따라서, 본 발명의 일 실시예에 따른 관절 자세 예측 방법은 순차적으로 새롭게 생성된 다중 합성곱 신경망을 이용하여 관절 자세 예측의 오차를 최소화할 수 있는 장점이 있다.Therefore, the method of predicting the joint posture according to an embodiment of the present invention is advantageous in minimizing the error of the joint posture prediction by using the newly generated multiple composite neural network sequentially.

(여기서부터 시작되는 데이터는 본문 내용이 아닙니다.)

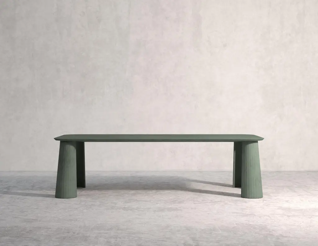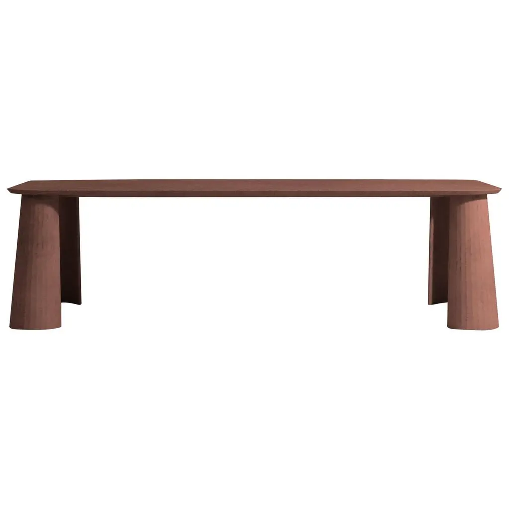 Rectangular shape dining table part of a collection of modular system in ultra-high performing cement mortar. UHPC tabletop and base colored in the mixture and sandblasted. Available in eight different colors: Brick, silver, powder, cream, fir, dark, chocolate, ink and ultra marine. Each item is hand treated and is protected with water repellent products to reduce the absorption of oily substances and to minimize the making of stains.Surrealism, primitivism, metaphysics and brutalism. Art together with architecture and design build a scenario of inspirations and continuous references through which the material rises to an expressive language, ready to welcome and rework formal suggestions of different origins.Fusto is the series that introduces the new design approach. As in classical architecture, Fusto is the column that holds tables, consoles, bookcases and pedestals. Volumes and proportions are integrated in a timeless geometry, enriched with facets that make the color vibrate in a game of lights and shadows.Fusto is eternal architecture. Our products are easily recognizable by the exclusive treatment of the material and the passionate quest for lightness and style.The artisanal handicraft, the use of modern materials and innovative techniques, with a completely “Made in Italy” production, further enhances the prestige of Italian design.

이상에서 살펴본 바와 같이 본 발명은 바람직한 실시예를 들어 도시하고 설명하였으나, 상기한 실시예에 한정되지 아니하며 본 발명의 정신을 벗어나지 않는 범위 내에서 당해 발명이 속하는 기술분야에서 통상의 지식을 가진 자에 의해 다양한 변경과 수정이 가능할 것이다.While the present invention has been particularly shown and described with reference to exemplary embodiments thereof, it is clearly understood that the same is by way of illustration and example only and is not to be taken by way of limitation, Various changes and modifications will be possible.

100:학습 데이터 200:콘볼루션 레이어
300:정류된 선형의 콘볼루션 레이어 400:폴링 레이어
600:일차원 특징 벡터 100: learning data 200: convolution layer
300: rectified linear convolution layer 400: polling layer
600: One-dimensional feature vector

Claims

(a) generating learning data (Xn, Yn) having elements of a plurality of images (Xn) and intra-image joint coordinates (Yn) as elements;
(b) inputting arbitrary learning data (Xi, Yi) out of the learning data into a CNN (Convolutional Neural Network) and predicting joint coordinates;
(c) calculating an error value between the predicted joint coordinate (Yi ') and the joint coordinate (Yi) of the arbitrary learning data, and comparing the error value with a preset reference value;
(d) calculating a weight correction value using an error back-propagation algorithm when the error value is larger than the reference value, adding the weight correction value to the weight of the resultant neural network, Generating a new composite neural network < RTI ID = 0.0 > (CNN ') < / RTI >
(e) generating a plurality of predicted joint coordinates (Yi ") by applying noise to the predicted joint coordinates (Yi ') and applying noise to the joint joint coordinates (Yn) of the learning data (Xn, Yn) Generating an original joint coordinate Yn ';
(f) cutting out an area of interest including the predicted joint coordinates (Yi ") from the original image (Xn) of the learning data (Xn, Yn) to generate partial images (Xn ');
(g) generating new learning data Xn ', Yn' using the partial images Xn 'and noise-added original joint coordinates Yn' as elements;
(h) replacing the learning data (Xn, Yn) with the new learning data (Xn ', Yn') until the error value becomes smaller than the reference value in the step (c) ) Repeating steps;
(i) setting training data (Xn ", Yn ") and a composite neural network (CNN") generated when the error value becomes smaller than the reference value in the step (c) as final learning data and final concurrent neural network; And
(j) inputting a target image for predicting a joint posture to the final combined neural network to predict the joint posture of the target image. Way.

The method according to claim 1,
The step of predicting joint coordinates of the CNN may include:
Generating a plurality of convolution layers by passing input learning data through a convolution filter;
Converting a value of '0' or less among the values of each convolution layer into '0' through a rectified linear unit (ReLU);
Reducing the convolutional layers to a max operation or a mean operation to generate a pulling layer;
Fully connecting the pooling radars to generate a one-dimensional feature vector; And
And outputting a number of predicted joint coordinates corresponding to the joint coordinates by varying the weights and multiplying the one-dimensional feature vectors by the weights.

3. The method of claim 2,
The upper arm, the lower arm, the left arm, the right arm, the left arm, the right arm, the left arm, the right arm, the left arm, the right arm, , The left knee, the right knee, the left foot, and the coordinates of the right foot.

A computer program stored in a recording medium for executing a method of predicting a joint posture in an image using a sequential multiple composite artificial neural network according to any one of claims 1 to 4 by functioning as a computer.

A computer provided with the computer program of claim 4 and performing a joint articulated posture prediction method using sequential multiple composite neural networks.